Gabby, the connoisseur of ghost stories. (“Last week, when I was on my way to visit a friend near Wimpey, the taxi driver picked up a woman by the cemetery near Hospital Junction; each time the driver looked in his rearview mirror, he saw a coffin where this woman sat. He would turn his head only to find the woman on her seat, smiling meekly at him. His eyes went up to the rearview mirror, then back to the woman. At the third glance, he stopped the car in panic and ran out, shouting, ‘Jesus! Jesus!’ We looked and the woman had vanished, leaving a white hankie behind.”)
Gabby, master of high farce. (“A heavily pregnant woman was knocked down by a bus as she tried to cross the road at Rumuola. As the car hit her, the child — a boy — evacuated her womb at once and made his way straight into GRA via Presidential Hotel. The police are in full search for him right now, as we speak.”)
A thin, shiny scar ran across Gabby’s scalp, just above his left earlobe, which confirmed him as a man who frequently had dangerous encounters. Gabby had come down to Port Harcourt from the village to sit for his WASC exams. This was in 1984, when the military regime had imposed a nine P.M. curfew. Gabby was walking home from his evening preparatory lessons when the police stopped him. “Come here, who are you, do you have any ID on you, where are you coming from, where are you going,” and Gabby answered these questions, he was only a few minutes’ walk home, there was more than enough time before the curfew began. “Wait here,” one of the policemen ordered, then ignored him until it was nine P.M.
“Are you not aware there is a curfew from nine?” the policeman returned to ask Gabby. “What is it by your time now?” Gabby couldn’t help laughing. Was this man serious? Gabby couldn’t imagine how to react to the scene unfolding before him, so he laughed again as the policeman made a show of the gravity of Gabby’s offense.
“Oh, you are laughing, eh?” the policeman charged. “I will show you today.”
“Just let me go home, I beg you,” Gabby said, gesturing to the nearby street, but the policeman kept him there for another hour and then told him he was being arrested for breaking the curfew. He radioed his colleagues for a van, which they pushed Gabby into. He was being driven to the station for questioning, they said. By the time he was released the next morning, they had somehow managed to break his head in the process of interrogation.
Bibi had joined Paul and Gabby at the dining table. “I can set the tennis board if you like,” Paul said to Gabby. “This time you won’t even get up to ten points before I trash you. I can give you five to start with.” Gabby had beaten Paul at table tennis during his last visit, months ago. “Or do you want ten points to start off with? I can give you that, don’t be afraid. Get up.”

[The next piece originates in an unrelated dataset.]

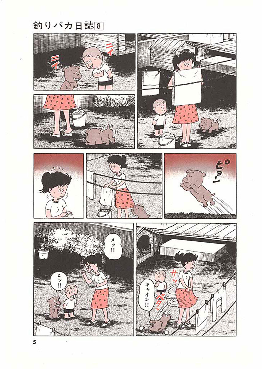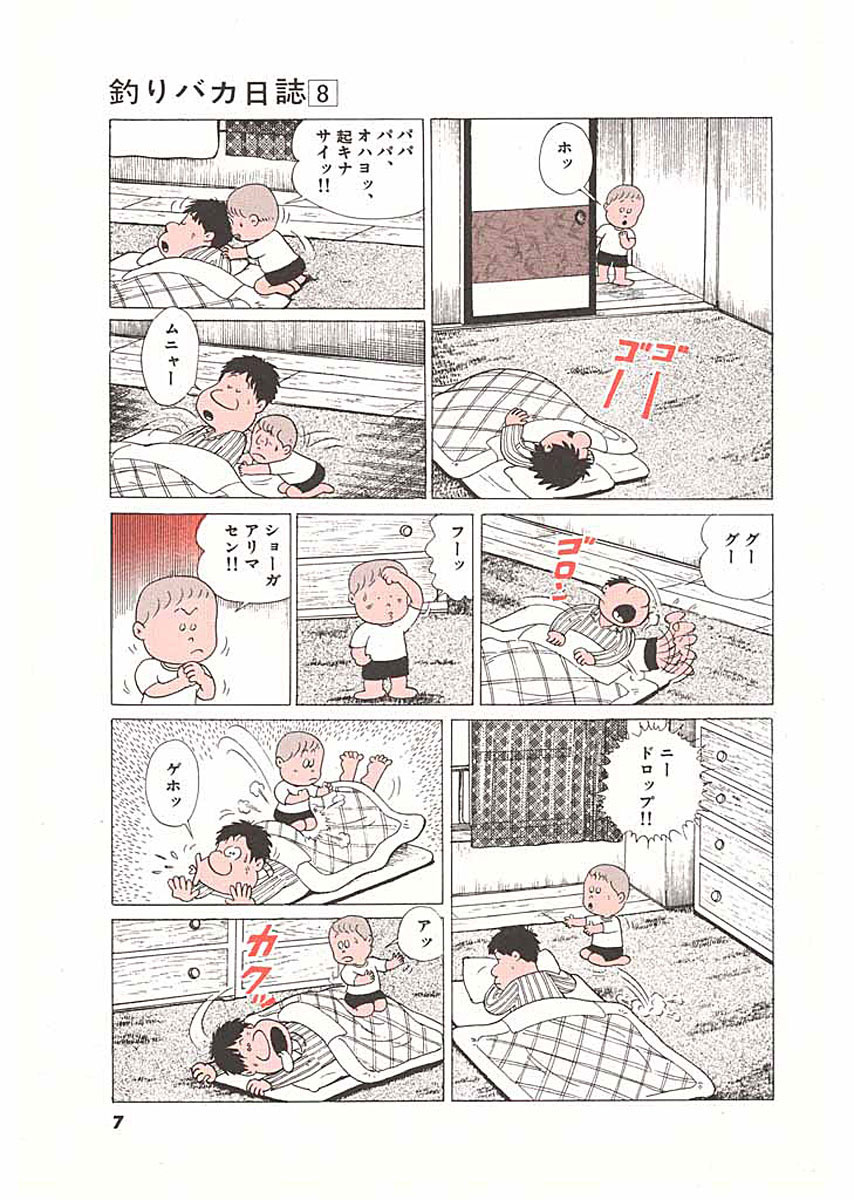 ご存じ“釣りバカ”ハマちゃんとスーさんが繰り広げる珍騒動!! ▼第1話/ラストチャンス▼第2話/ビッグファイト▼第3話/二転三転大誤算▼第4話/下馬評◎の男▼第5話/佐々木課長の肩たたき▼第6話/みち子さんの選択▼第7話/X社員氏の存在▼第8話/ルンルン気分で単身赴任▼第9話/緊急重要会議って!?▼第10話/番外編・桜田門外のねったぼ ●登場人物/浜崎伝助(釣りバカで万年ヒラのペケ社員)、浜崎みち子(伝助には過ぎた明るく賢い奥さん)、浜崎鯉太郎(伝助とみち子の可愛いひとり息子)、佐々木和男(鈴木建設営業三課課長)、鈴木一之助(鈴木建設社長) ●あらすじ/最近、浜崎家ではどうもみち子さんの機嫌が悪い。それもそのはず、伝助の釣りバカぶりが近頃許しがたい状況になっているようで、みち子さんが妊娠したかもしれない……というのにクロダイ釣りにのめり込んでいるというありさま。きっかけは何キロ級というクロダイの大物を目の前にして釣り損ねた伝助が、そばにいた見知らぬ釣りバカ爺さんに「ドヘボッ」と殴られたことから始まった。意地になった伝助はなにがなんでも大物を釣り上げようと躍起になるが……(第1話)。 ●本巻の特徴/この第8巻では、伝助に四国支社への単身赴任の話が持ち上がる。誰もが敬遠するこの単身赴任の話、さすがの佐々木さんもなかなか伝助に言いづらかったのだが、そこは釣りバカの釣りバカたるゆえん。四国の海でひとりゆっくりと釣りが楽しめると思う伝助なのであった(第7話)。 ●その他の登場キャラクター/元クロダイ釣りの名人・源五郎(第1、2話) ●その他のデータ/クロダイ釣り(第2話)、▼裏表紙の伝助釣り講座~マブナ
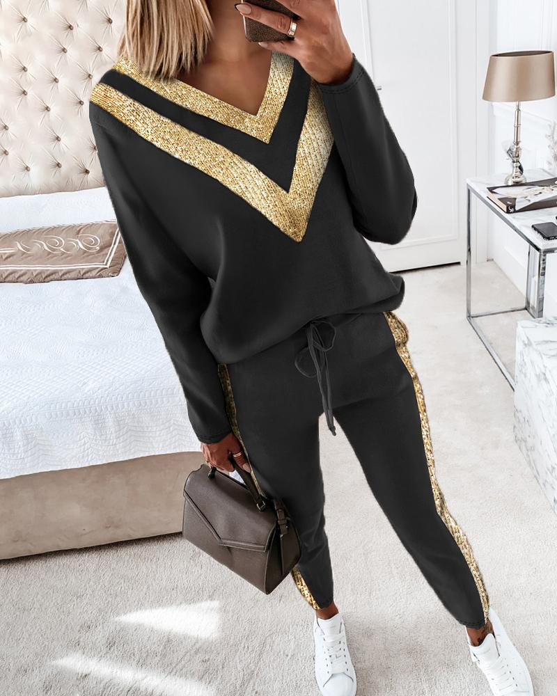 Style:Chic,Casual Type:Sweatpants Sets,Sweatshirt Sets,Pants Sets Material:95%Polyester,5%Elastane Neckline:V-Neck Sleeve Style:Long Sleeve Length:Long Pattern Type:Chevron Decoration:Contrast Sequin Fit Type:Regular Occasion:Daily Package Include:Pants Set

“It’s late,” Ma said, her attention swinging from Bendic’s conversation with Mr. Ifenwa to Paul’s. “Gabby is tired.”
“Tomorrow, Paul,” said Gabby.
“Ohhh,” the children groaned.
“I’m sure Ajie can beat you. Even with his left hand, his loop is something else,” Paul said. “And he stands on a tire to play.”
“That’s because he is a dwarf,” Bibi said.
Even though Ajie didn’t particularly mind that she had said that, he waited for an opportunity in the conversation that would allow him deliver a sharp retort.
Mr. Ifenwa poured his Guinness into a large mug and placed the bottle back on the table with a gentle thud. He clinked glasses with Bendic, who was browsing through a magazine. “Ah, thank you, my sister,” Mr. Ifenwa said to Ma after taking a sip of the cold drink. “This is what someone needs on a day like this.”
Ma smiled and waved him off. “Thank me for what?” she said, as any gracious host would.